## Raw data
++++++
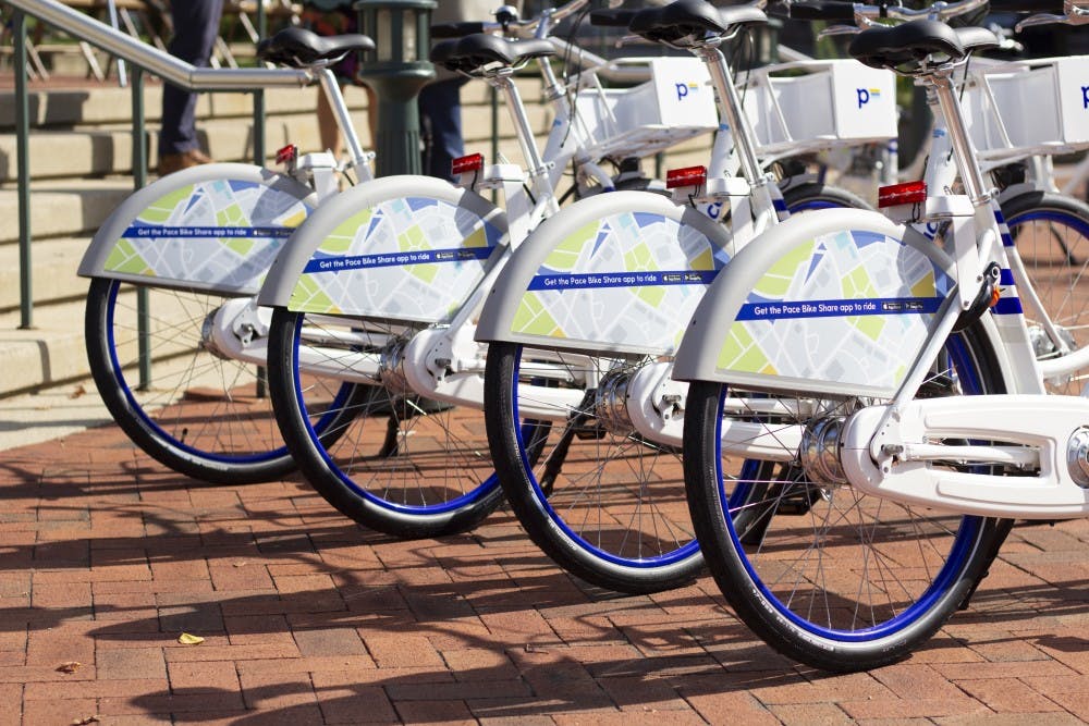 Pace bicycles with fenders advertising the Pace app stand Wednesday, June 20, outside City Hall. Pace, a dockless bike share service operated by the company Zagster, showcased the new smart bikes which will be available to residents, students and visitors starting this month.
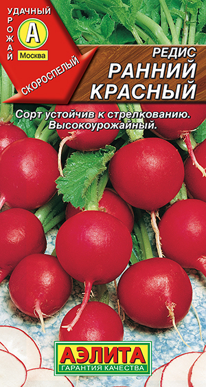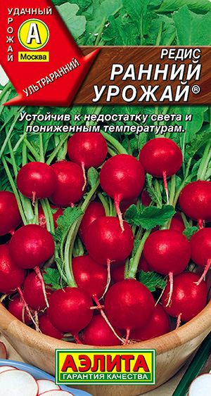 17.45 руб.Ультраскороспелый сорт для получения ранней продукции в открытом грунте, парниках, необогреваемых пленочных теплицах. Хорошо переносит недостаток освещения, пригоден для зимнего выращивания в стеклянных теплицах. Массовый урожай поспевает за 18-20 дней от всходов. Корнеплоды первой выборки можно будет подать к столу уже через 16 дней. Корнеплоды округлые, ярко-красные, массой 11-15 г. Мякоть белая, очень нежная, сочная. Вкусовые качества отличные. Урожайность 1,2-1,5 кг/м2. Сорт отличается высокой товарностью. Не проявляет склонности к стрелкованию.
++++++
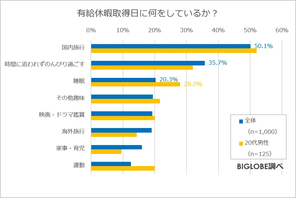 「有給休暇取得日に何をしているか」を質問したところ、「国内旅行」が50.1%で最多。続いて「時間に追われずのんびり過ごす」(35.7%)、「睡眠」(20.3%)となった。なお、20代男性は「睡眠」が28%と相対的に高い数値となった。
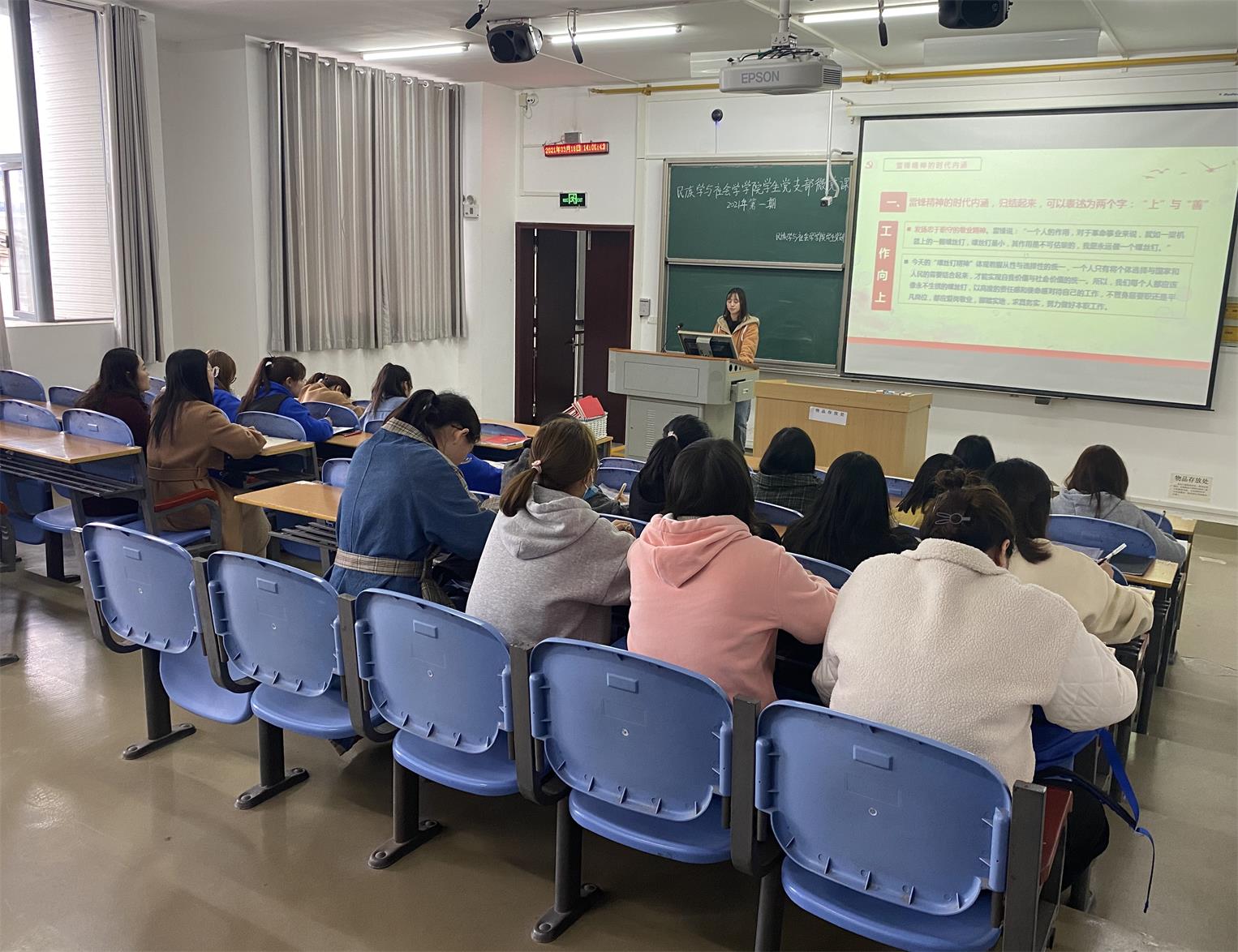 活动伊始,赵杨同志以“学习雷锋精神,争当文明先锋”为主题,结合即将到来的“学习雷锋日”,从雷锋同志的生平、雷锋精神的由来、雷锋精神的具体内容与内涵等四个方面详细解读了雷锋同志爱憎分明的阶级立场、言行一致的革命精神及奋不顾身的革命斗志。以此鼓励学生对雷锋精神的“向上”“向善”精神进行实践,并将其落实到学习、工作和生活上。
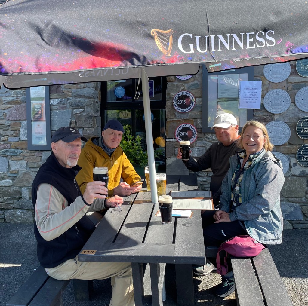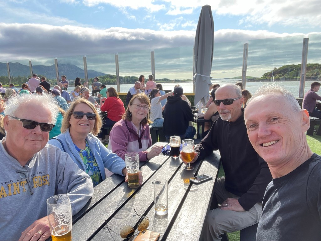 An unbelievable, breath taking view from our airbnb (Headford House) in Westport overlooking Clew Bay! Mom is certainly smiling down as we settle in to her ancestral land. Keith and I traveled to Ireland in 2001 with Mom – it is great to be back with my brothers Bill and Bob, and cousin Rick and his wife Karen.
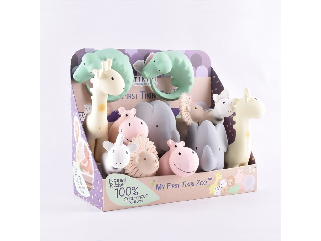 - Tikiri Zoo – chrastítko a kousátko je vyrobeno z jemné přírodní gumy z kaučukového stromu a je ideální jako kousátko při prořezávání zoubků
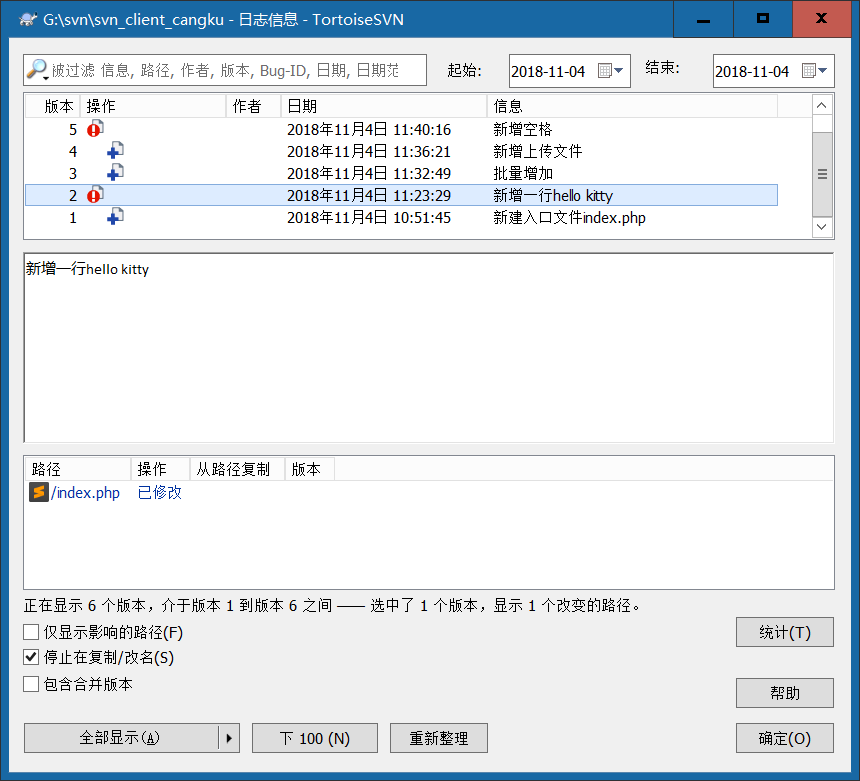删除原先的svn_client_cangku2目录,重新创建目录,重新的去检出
++++++
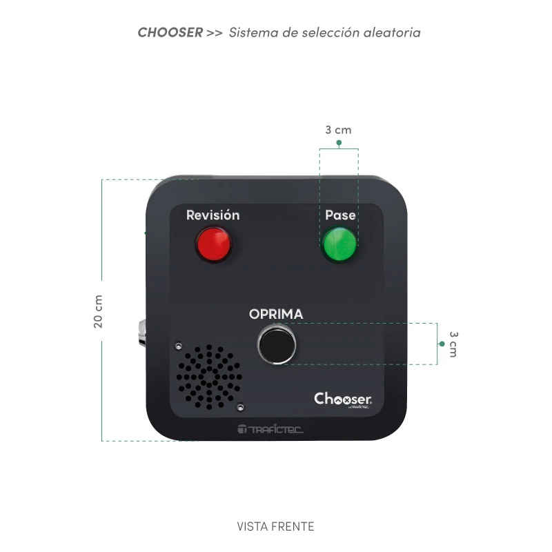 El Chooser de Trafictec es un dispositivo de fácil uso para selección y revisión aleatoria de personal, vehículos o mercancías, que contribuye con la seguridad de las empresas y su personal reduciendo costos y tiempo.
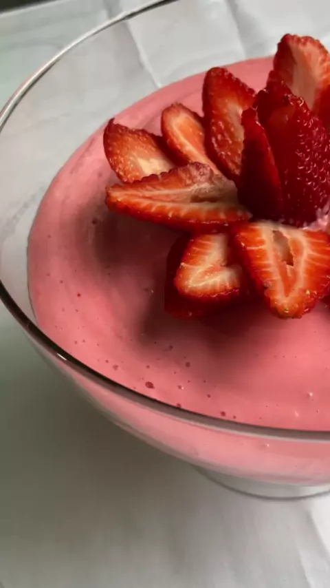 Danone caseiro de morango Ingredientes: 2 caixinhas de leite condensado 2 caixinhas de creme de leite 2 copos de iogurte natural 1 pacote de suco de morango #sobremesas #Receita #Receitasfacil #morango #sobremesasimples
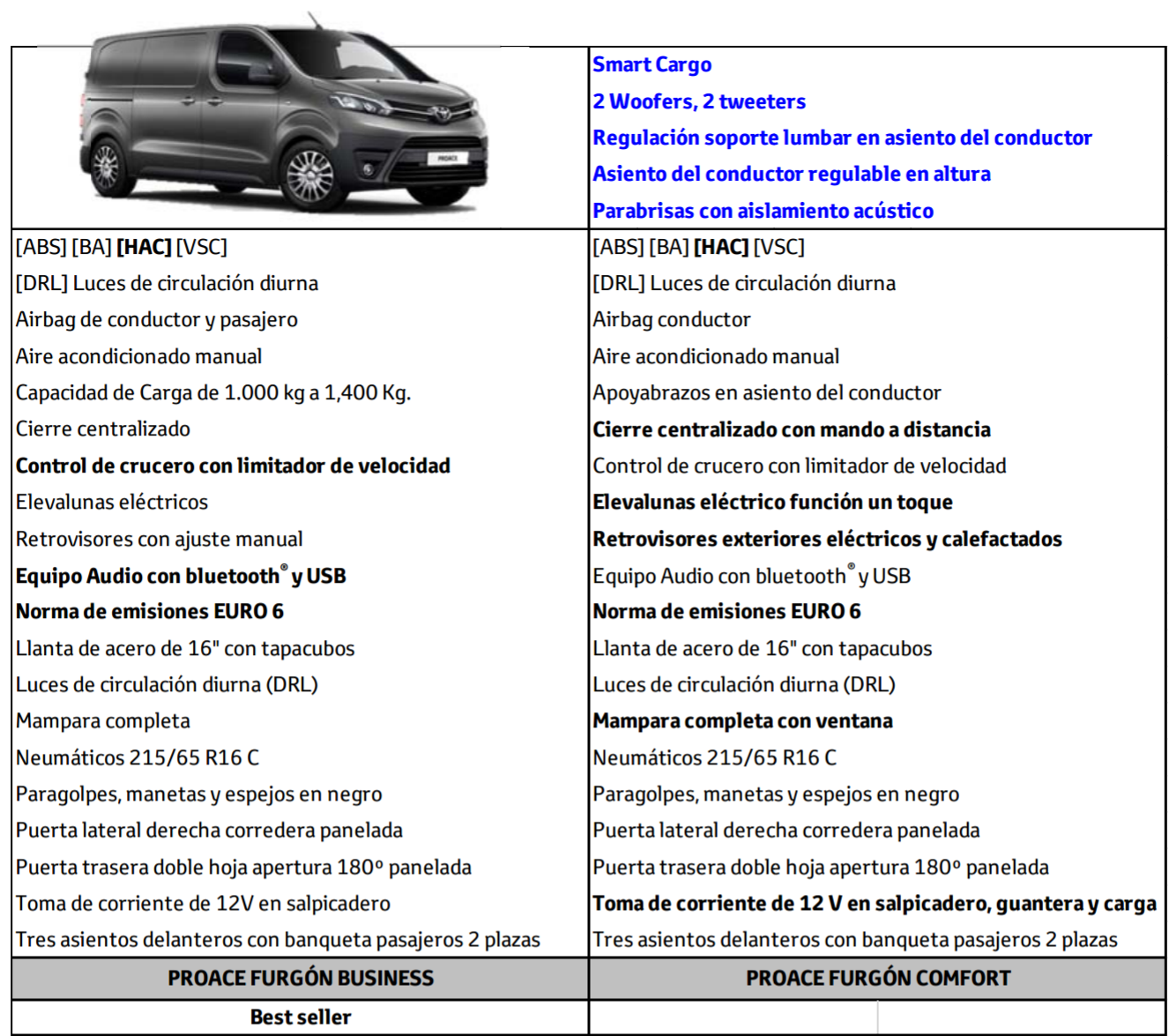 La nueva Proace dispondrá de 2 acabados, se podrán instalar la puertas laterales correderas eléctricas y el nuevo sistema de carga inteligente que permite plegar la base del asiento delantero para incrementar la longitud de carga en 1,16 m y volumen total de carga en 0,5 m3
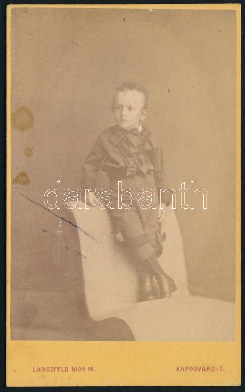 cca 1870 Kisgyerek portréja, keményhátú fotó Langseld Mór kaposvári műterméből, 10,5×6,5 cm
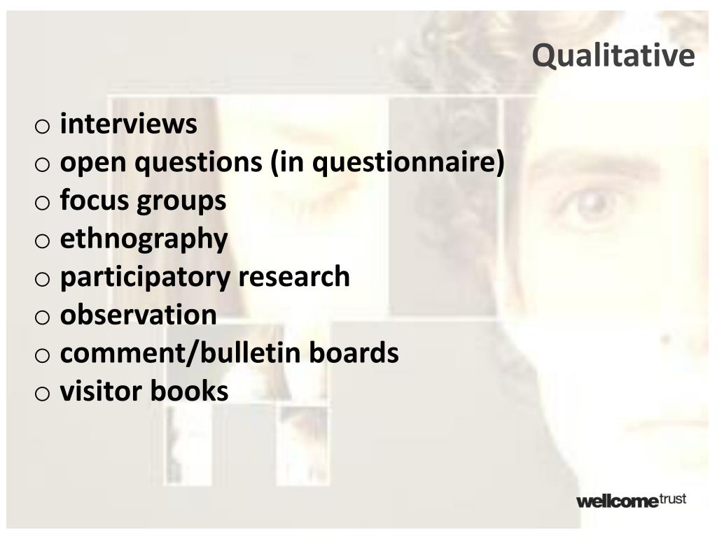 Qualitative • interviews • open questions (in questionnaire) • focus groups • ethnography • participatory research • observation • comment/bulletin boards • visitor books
++++++
## Task requirements
In the listing above, find the line containing "La nueva Proace" and the line containing "Qualitative • interviews", then return both of them and every line between, exactly, without pictures.

## Finished exercise
 La nueva Proace dispondrá de 2 acabados, se podrán instalar la puertas laterales correderas eléctricas y el nuevo sistema de carga inteligente que permite plegar la base del asiento delantero para incrementar la longitud de carga en 1,16 m y volumen total de carga en 0,5 m3
 cca 1870 Kisgyerek portréja, keményhátú fotó Langseld Mór kaposvári műterméből, 10,5×6,5 cm
 Qualitative • interviews • open questions (in questionnaire) • focus groups • ethnography • participatory research • observation • comment/bulletin boards • visitor books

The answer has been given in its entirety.